Sanitation workers who serve Corona, Eastvale, Norco and surrounding Inland Empire locations are ready to walk off the job if their employer, Waste Management Inc., doesn’t come to terms on a new collective bargaining agreement, union officials announced Tuesday.
Nearly 200 WM workers affiliated with Teamsters Local 396 voted in favor of a strike because of the ongoing stalemate in contract negotiations.
“I’ve been a dedicated Waste Management worker for over 14 years, doing my best to keep my community clean and safe,” Luis Barba, a driver at Waste Management Corona, said. “The company doesn’t treat us … as human beings or valued employees. We cannot put up with this any longer. While we are doing everything in our power to avoid a strike, Waste Management needs to be held accountable to a fair contract and bargaining in good faith.”
WM did not immediately respond to emails seeking comment.
According to the Teamsters, the most recent collective bargaining compact expired in April, and since that time, there’s been little, if any, progress toward achieving an agreement that satisfies the unionized employees, who are seeking increased wages and benefits.

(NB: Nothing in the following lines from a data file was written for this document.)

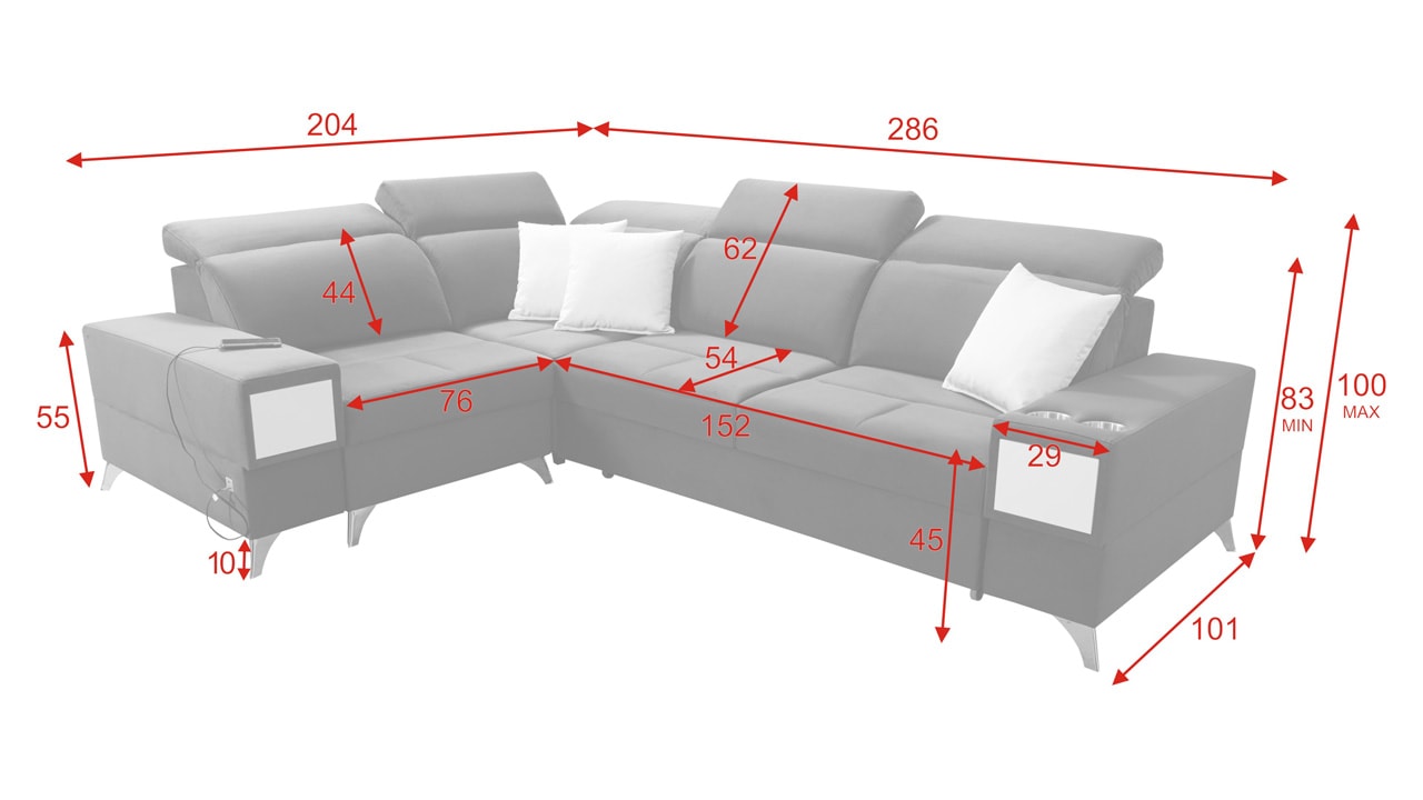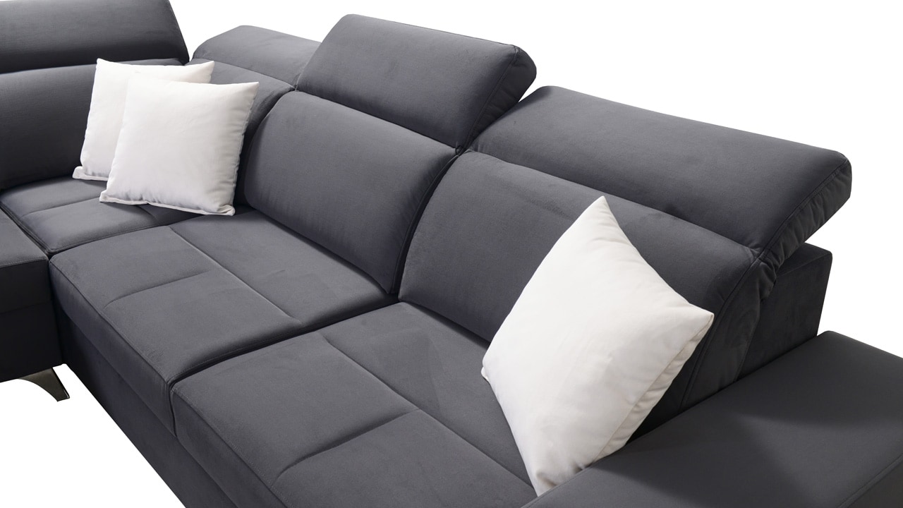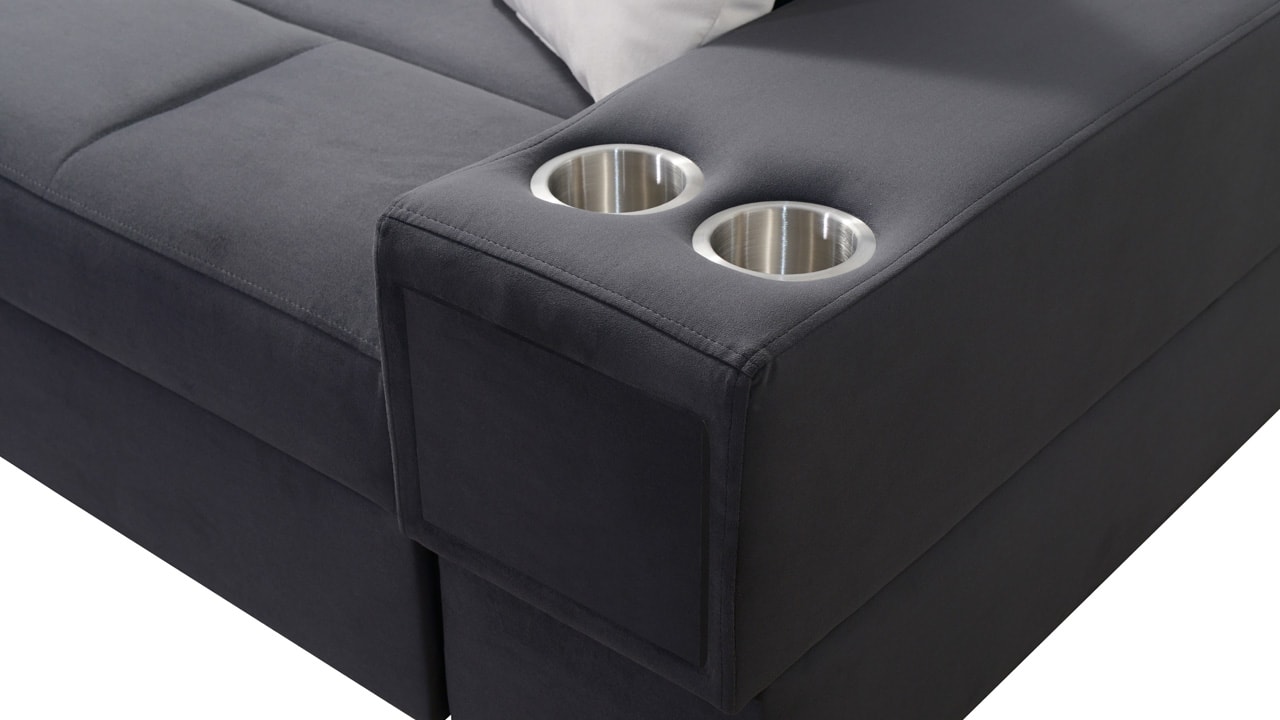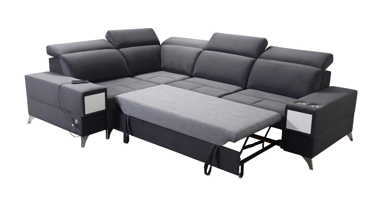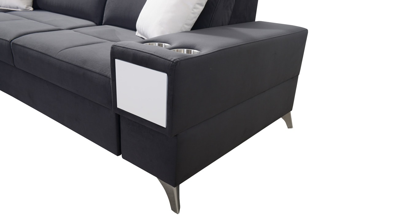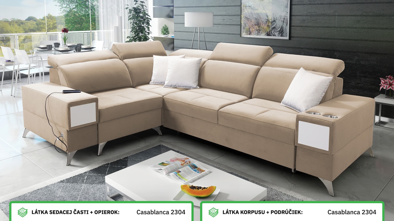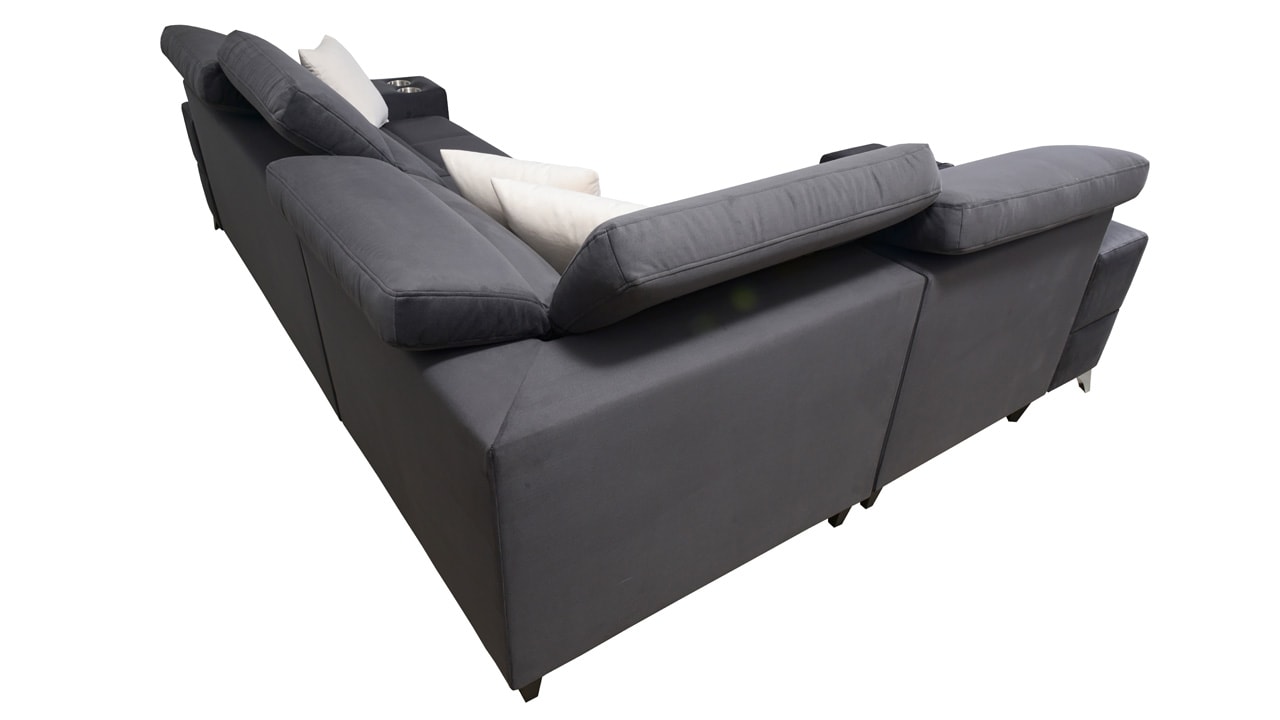 S touto praktickou rohovou sedačkou hravo vyčaríte pohodlné sedenie v obývačke, detskej izbe aj v kancelárii. Jej prednosťou je úložný priestor a vstavaný šuplík, umiestnený v bočnej opierke. Výhodou sú tiež držiaky na poháre, nastaviteľné opierky hlavy a USB porty určené na nabíjanie mobilu. Dizajn sedačky si do veľkej miery môžete prispôsobiť vašim predstavám. V našom konfigurátore si totiž sami nakombinujete farbu poťahu, typ nožičiek aj dizajn šuplíka.
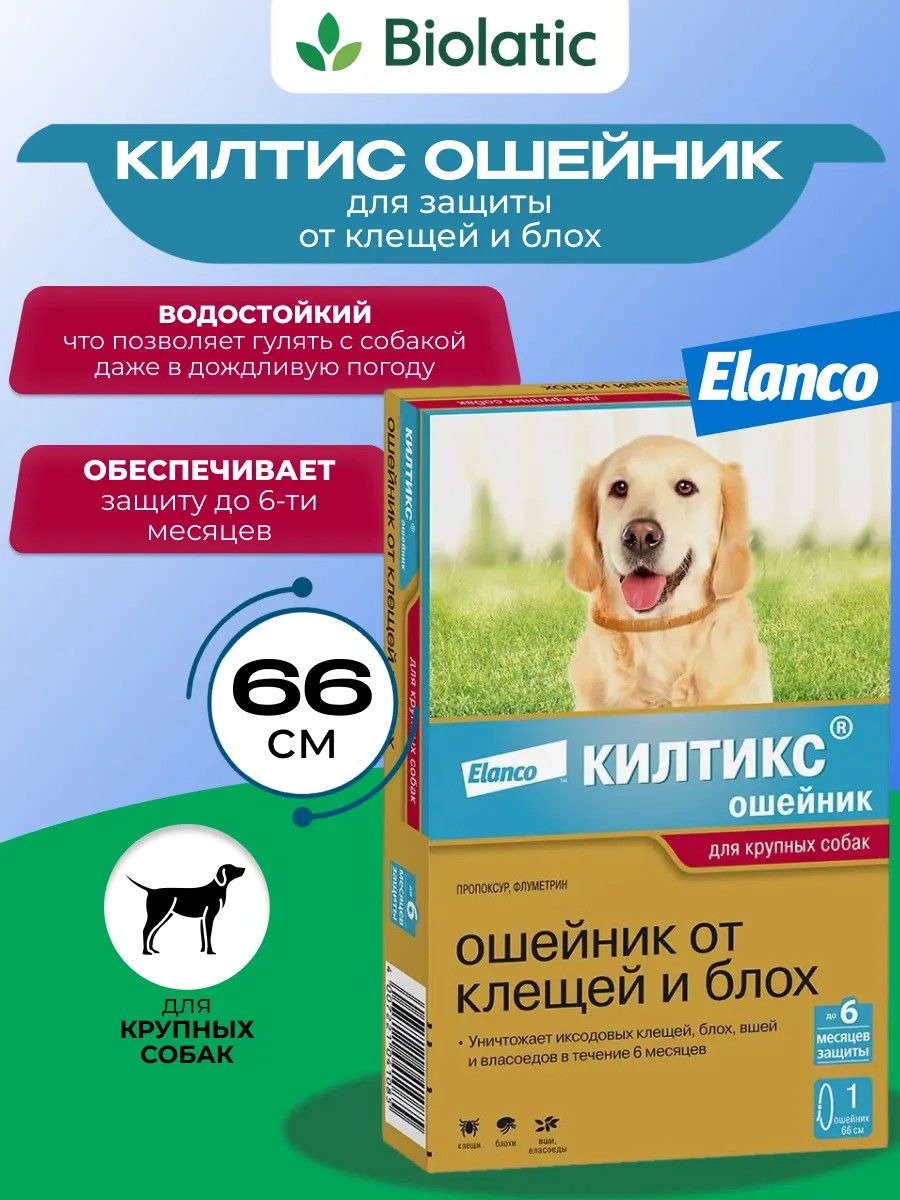 Непрерывное использование ошейника обеспечивает уничтожение и защиту собак от насекомых и иксодовых клещей в течение 7 месяцев.
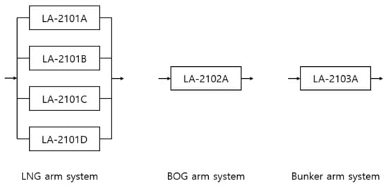 Since this LNG arm system loses its function if all four ULAs in the system fail at the same time, the failure probability of this LNG arm system can be calculated by Equation (8), where is the failure probability of ULA models in the same system (see Table 11). The BOG arm (BOG) and Bunker arm (B/C) systems consist of only one unloading arm, as in Figure 13, so the failure probability of the ULA is the same as the failure probability of systems. The results of failure probability and corresponding reliability index of systems are given in Table 12. It can be seen that the failure probability of the LNG arm system is very low. This can be explained in that four ULA models failing at the same time is extremely rare.
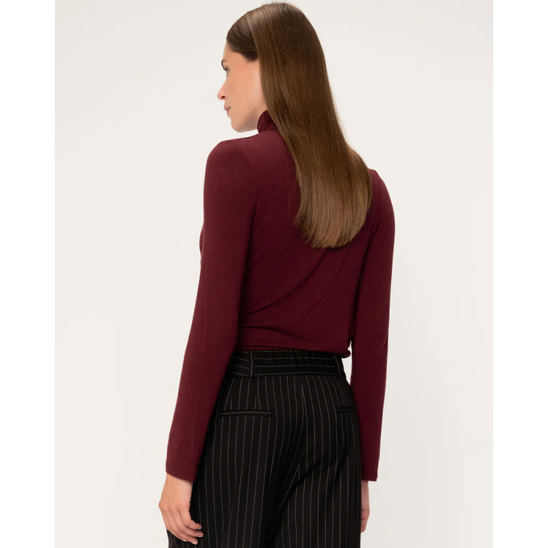 Alcor er en figurnær pologenser med elegante draperinger over brystet. Genseren er laget i en myk og elastisk viskose-ullblanding som
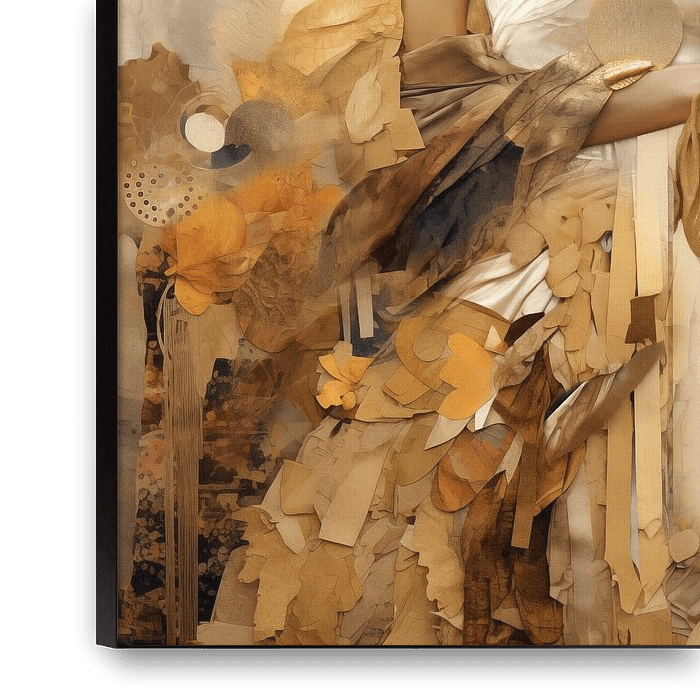 Fantasy collage portrait of a woman on paper in warm natural tones
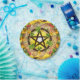 Helles Sommer Solstice Sonnenblumen und Elecampane Blumenkollektion Design mit braunem Aquarell-Pentagramm, Sonnenblumen, KräuterElecampane-Blume und einem wunderschönen Weizenschrei. Erleben Sie das strahlende und farbenfrohe Design während Ihrer Sommerfeier!
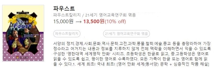 3. 영한대역 세계 명작 칼라 만화 : 총 20권(각권 정가 15,000원)
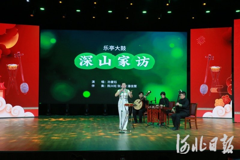 在河北省第六届乐亭大鼓书会演出中,来自京津冀地区的乐亭大鼓名家与非遗代表性传承人登台献艺,倾情演绎《二十四春》《认亲》等曲目,婉转唱腔与精湛表演赢得现场观众阵阵掌声;在鼓曲展演中,由“京津冀”名家演出优秀鼓曲节目,其中包含京东大鼓、西河大鼓、天津快板等曲艺形式;在分会场表演中,乐亭大鼓非遗代表性传承人、优秀爱好者深入基层开展惠民演出,将传统文化送到群众家门口。
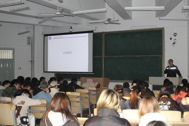 大会伊始,白飞老师就现场急救的目的和紧急急救的重要性进行了演讲。一是通过及时有效的急救措施进行急救;二是发生重大事故时及时急救能够大大降低伤残率;三是通过救护安定伤员情绪,可以减轻伤员痛苦。接下来,雷捷老师就急救的相关知识进行了介绍,一方面向同学们分享各种急救技巧并现场教学急救技能,强调要提高同学们安全意识,加强自我保护;另一方面就预防伤害的能力进行讲解,雷捷老师表示,伤害研究的主要目的就是预防伤害的发生并且减低伤害的严重程度,让同学们提高对伤害预防的意识。急救中心霍朝老师和魏星老师为同学们讲述遇到突发情况时的应急措施并进行了现场示范。刘峰老师就溺水、呼吸道堵塞、创伤救护等一系列知识进行了分析和示范。他强调学会必要的急救知识是前提,但更重要的是能够在他人遇到突发情况时敢于上前救助,及时有效的挽救生命和降低伤害程度。为了提高加强现场学习的效果,老师们邀请同学们进行了创伤急救、非创伤性疾病急救、心肺复苏等一系列现场操作,让同学实操急救技能技巧,提高个人在意外伤害发生时保护自己和他人的应变能力。

The impacted WM workers operate sanitation trucks in multiple cities throughout Riverside County and San bernardino Counry. However, most unincorporated areas of Riverside County are not covered by Teamsters Local 396, nor are municipalities in the eastern half of the county.
The Teamsters complain that while the chief executive officer’s compensation soared in 2021, front line personnel have not received commensurate salary adjustments.
“Teamsters at Waste Management across San Bernardino and Riverside Counties are sending a strong message that they are ready to do whatever it takes to secure a fair contract,” according to Local 396 Secretary-Treasurer Ron Herrera. “Waste Management needs to take negotiations seriously to ensure that these essential heroes, who work hard to keep our cities clean and protect our environment, get a fair contract,”
There was no word on when workers might resort to a stoppage and take to the picket lines, leaving residents’ trash receptacles uncollected.
Riverside County Supervisor Kevin Jeffries has complained that among the county’s four waste haulers, Waste Management has been the most difficult for him and his staff to contend with whenever issues arise with residents’ trash pickups and billing.
The county’s contract with WM and other haulers for retrieval services in unincorporated communities will be renegotiated over the next four years.